Arizona Navajos act to stop potential uranium rush
Jan 03 14:19
PHOENIX (AP) -- As the price of uranium continues to rise, so does the potential for another uranium rush in Arizona -- something Navajos are trying to stop.
Last year, 700 mining claims were filed and 100 test holes were bored into the remote high desert in northern Arizona, The Arizona Republic reported.
Scott Florence, director of the Bureau of Land Management's Arizona Strip district in St. George, Utah, said those numbers are significantly higher than any year since the frenzy of the 1980s.
"Finding the right mine site is a real art. But it seems like everyone and their mother is trying now," Florence said.
Fueling the hunt is the price of uranium, which has tripled in the past two years to $36 a pound on the spot market. At the height of the last rush in 1979, uranium got to $43 a pound.
Fearing another rush, Navajo Nation President Joe Shirley Jr. issued an executive order in November banning negotiations with uranium companies or uranium exploration on the three-state Navajo Nation.
Arizona, which has the richest deposits of the ore, also has the worst legacy associated with its mining, along with New Mexico.

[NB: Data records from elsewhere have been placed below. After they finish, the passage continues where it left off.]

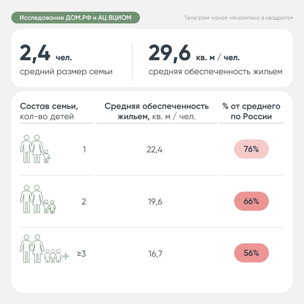 По данным совместного исследования ДОМ.РФ и АЦ ВЦИОМ, показатели по семьям отличаются: 🔵 С одним ребёнком — 22,4 м² на человека; 🔵 С тремя и более детьми — 16,7 м² на человека. 🔵В 2025 году на 59% семей приходилось от 10 до 30 м² на каждого члена семьи. Эксперты отмечают, что стесненные жилищные условия остаются одной из причин, почему семьи откладывают рождение детей.
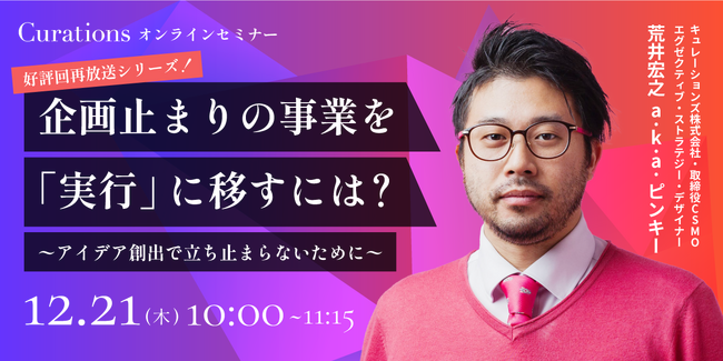 顧客企業のビジネス変革を成功に導くキュレーションズ株式会社(本社:東京都渋谷区、代表取締役社長:根本隆之、以下当社)は、『企画止まりの事業を「実行」に移すには?~アイデア創出で立ち止まらないために~(好評回再放送シリーズ!)』を2023年12月21日(木)に開催いたします。
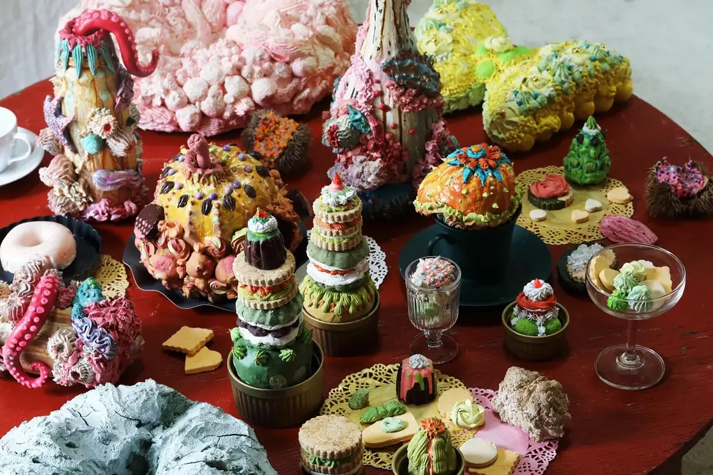 企画展3「目と感覚でお菓子を味わう~日々を彩るパティスリー marimo ~」はart squareで開催される来場者参加型の展示です。アーティスト吉田マリモ氏が架空のパティスリーになりきり、立体で触れて遊べるインタラクティブな作品群を展開します。作品には撮影や触覚的な参加、あるいは作品の上に乗るなど直接的に体験できる要素が含まれます。
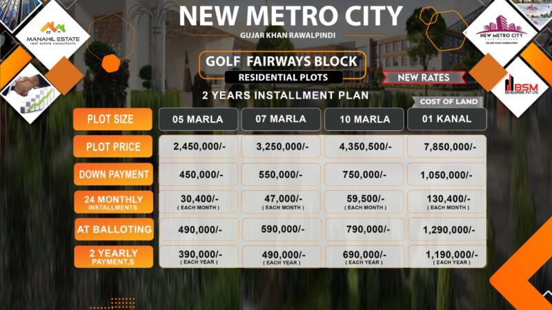 The management of society has introduced new prices for New Metro City Gujar Khan; these prices will be applicable only on the new booking of the New Metro City Golf Fairways Block. Plots can be booked with a down payment and the remaining dues can be cleared in 24 monthly installments.
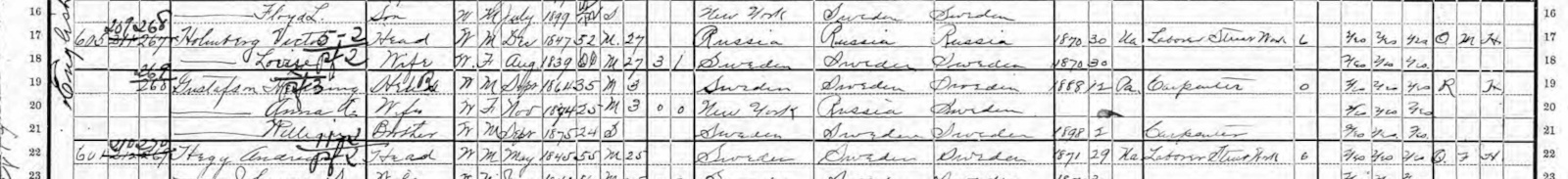 1900 Federal Census; Jamestown, Chautauqua County, NY. Household of Henning Gustafson
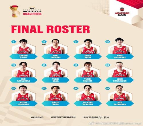 有變化!日本男籃對陣韓國12人大名單用霍金森替換科克
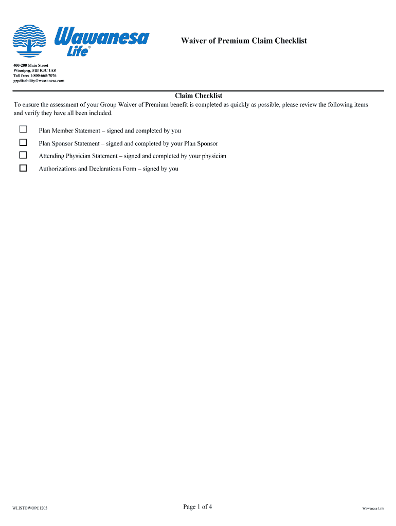 Get the free Waiver of Premium Claim Checklist - wawanesacom
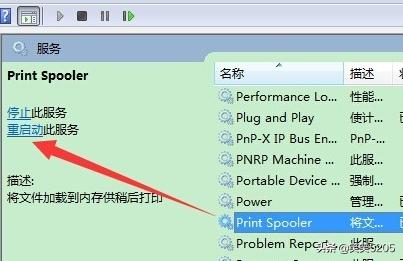 3、在打开的“服务”管理界面中,找到“Print Spooler”服务项,选中并点击左上角的“重启”或“重启动”按钮,重新启动该服务。
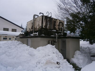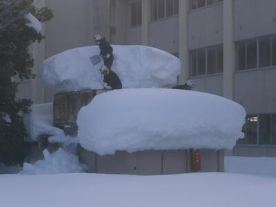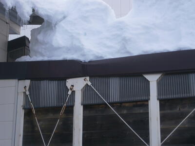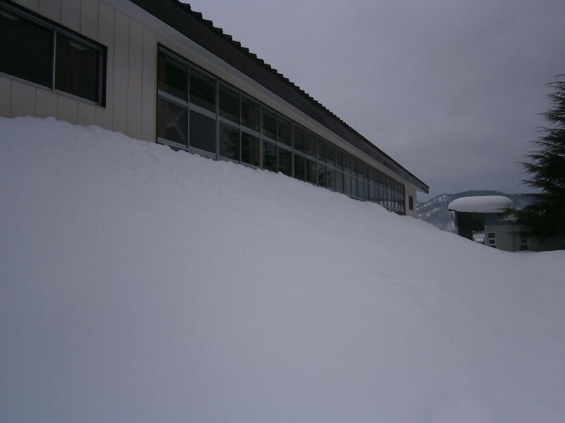 これまでの雪で会北中学校の校舎からランチルームへとつながる渡り廊下の屋根は変形し始めていました。
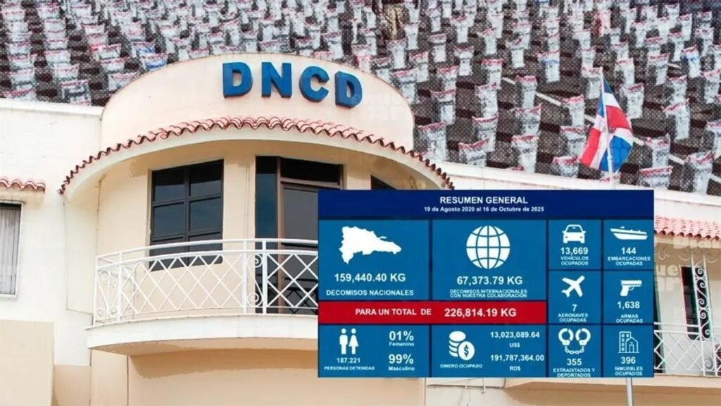 Santo Domingo.– La Dirección Nacional de Control de Drogas (DNCD) presentó este martes un balance general de los resultados obtenidos en la lucha contra el narcotráfico y el crimen organizado desde el 19 de agosto de 2020 hasta el 16 de octubre de 2025, período durante el cual informó se han ejecutado múltiples operativos con resultados contundentes.
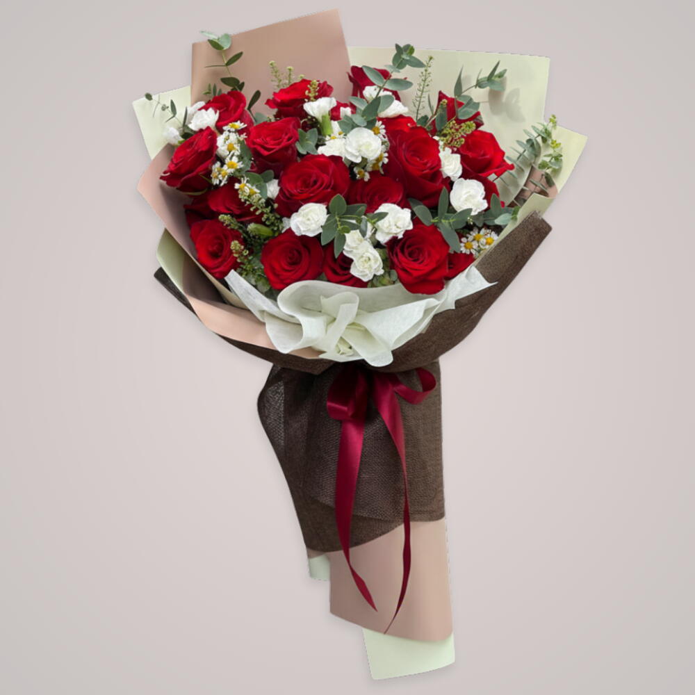 10 стеблей красной розы, 3 стебля белой мини-гвоздики, 3 стебля эвкалипта
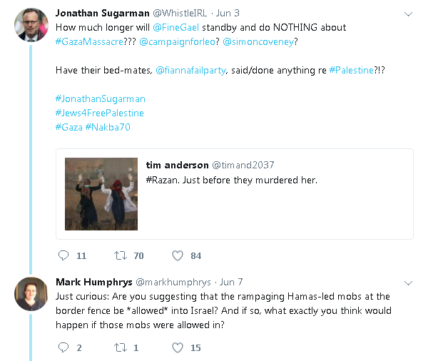 - on endless Irish criticism of and demos against Israel,
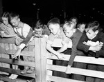 At Fort Worth's Southwestern Exposition and Fat Stock Show, Children's Day; at sheep exhibit, from left, Betty Joe Brown, Charles David Weeks, Howard Hughes, Wayne Lucas, Harry Moon, and Dan Cushman, 03/1938
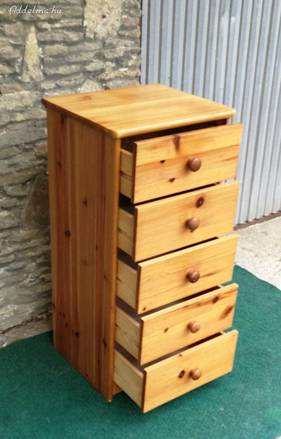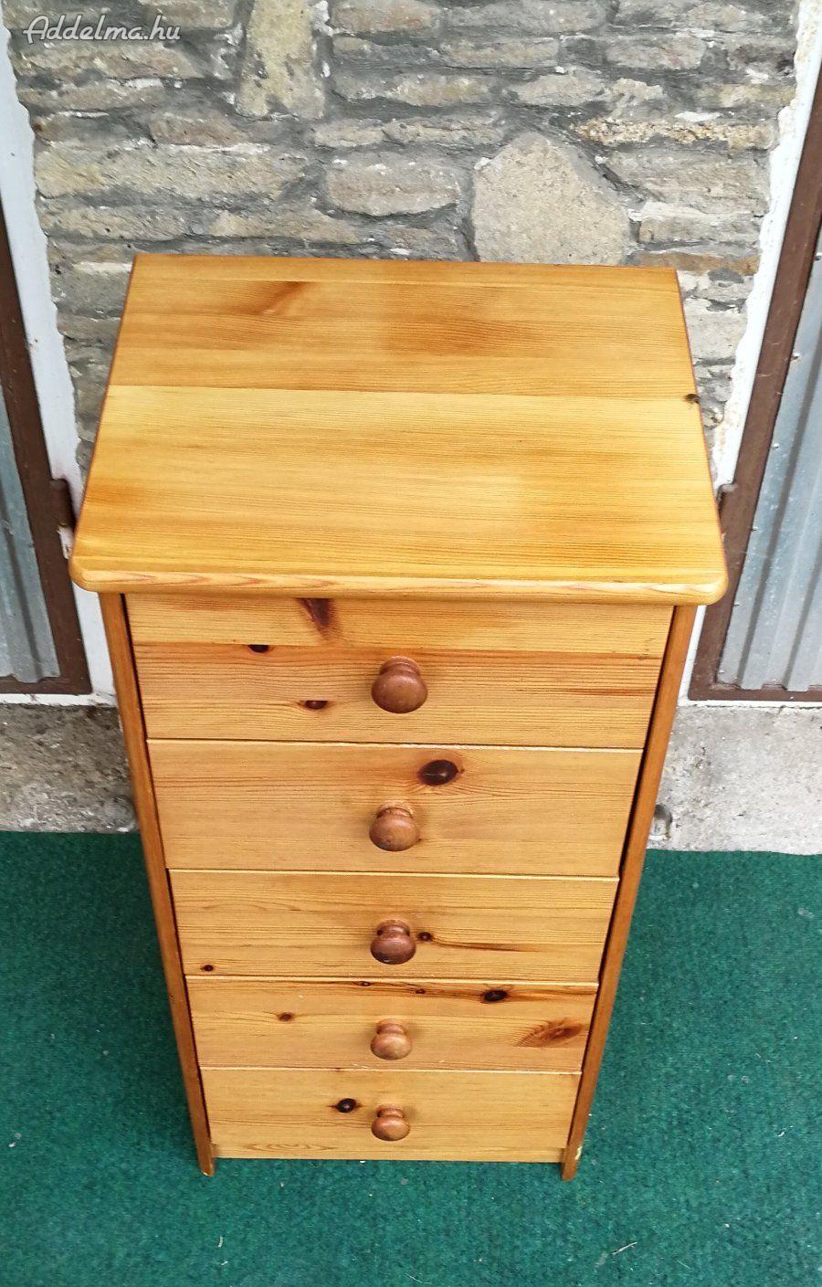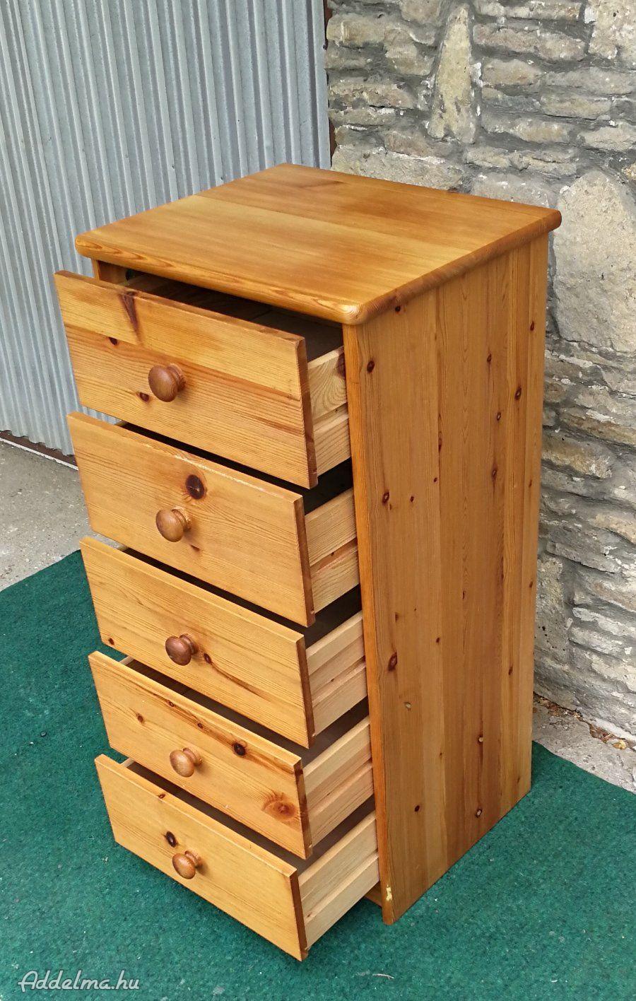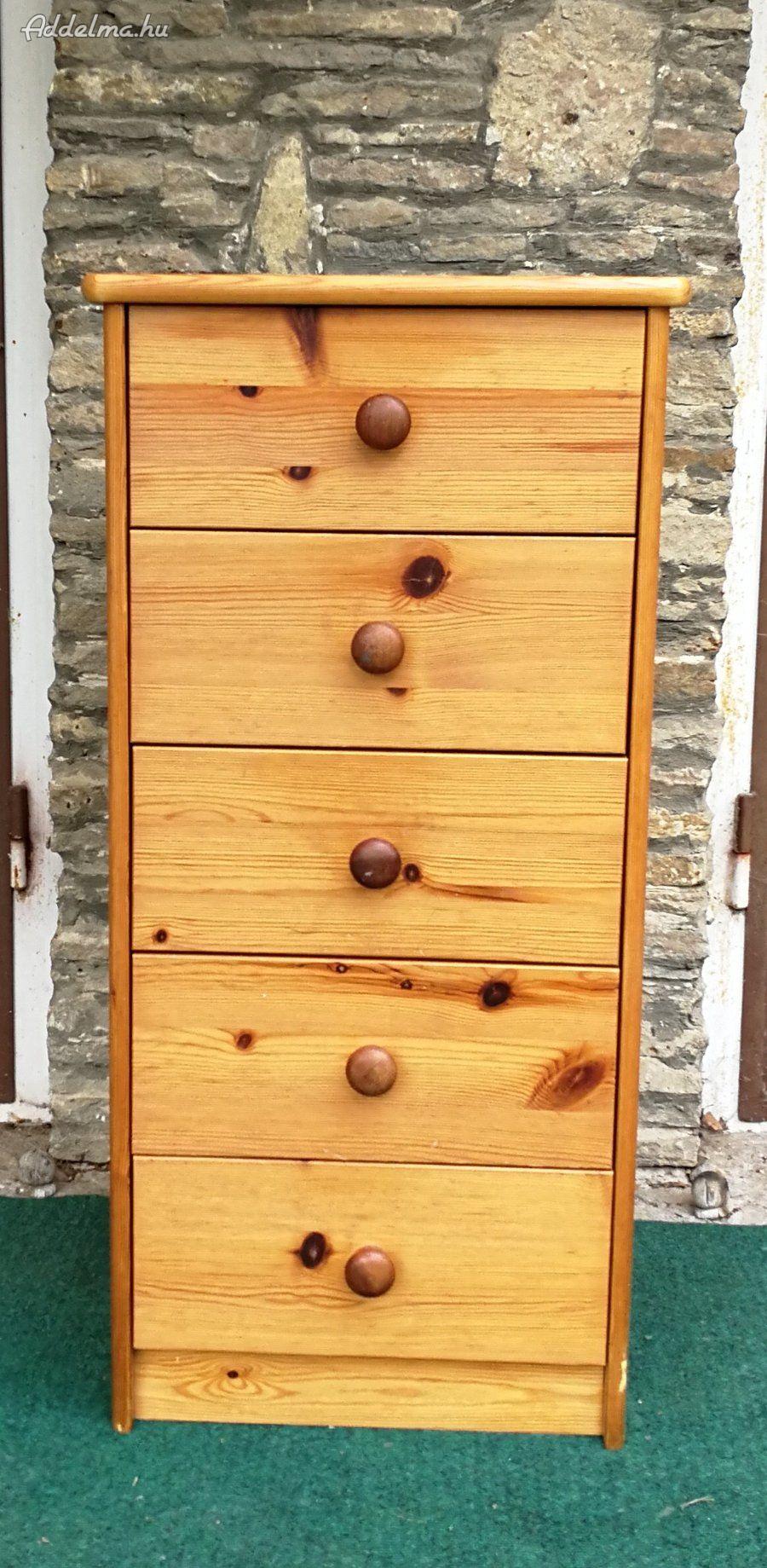 Fenyőfából készült hosszú komód 5 fiókkal, apró használati nyomokkal eladó a képen látható állapotban.

After the first wave of uranium mining began on its reservation in the 1950s, the Navajo Nation became embroiled in a public health tragedy. Dozens of premature deaths of Navajo miners and passed-on genetic defects have been attributed to uranium exposure.
"You look around the reservation and see so many elderly people who are crippled and can barely breathe," said Robert Stewart Sr. of Tuba City, a Navajo who worked for five years in a mine in the mid- to late 1950s. "This pretty much devastated much of a generation."
Meanwhile, some say the exploration ban on the Navajo Nation could increase the urgency to look for ore on state, federal and private lands between Interstate 40 and the Utah border. There are dozens of potential uranium-ore bodies that would make financial sense to mine if market prices remain at their highest levels in 25 years.
Despite the creation in 2000 of two national monuments north of the Grand Canyon -- Grand Canyon-Parashant and Vermilion Cliffs -- fears remain about mining between the monuments and old claims.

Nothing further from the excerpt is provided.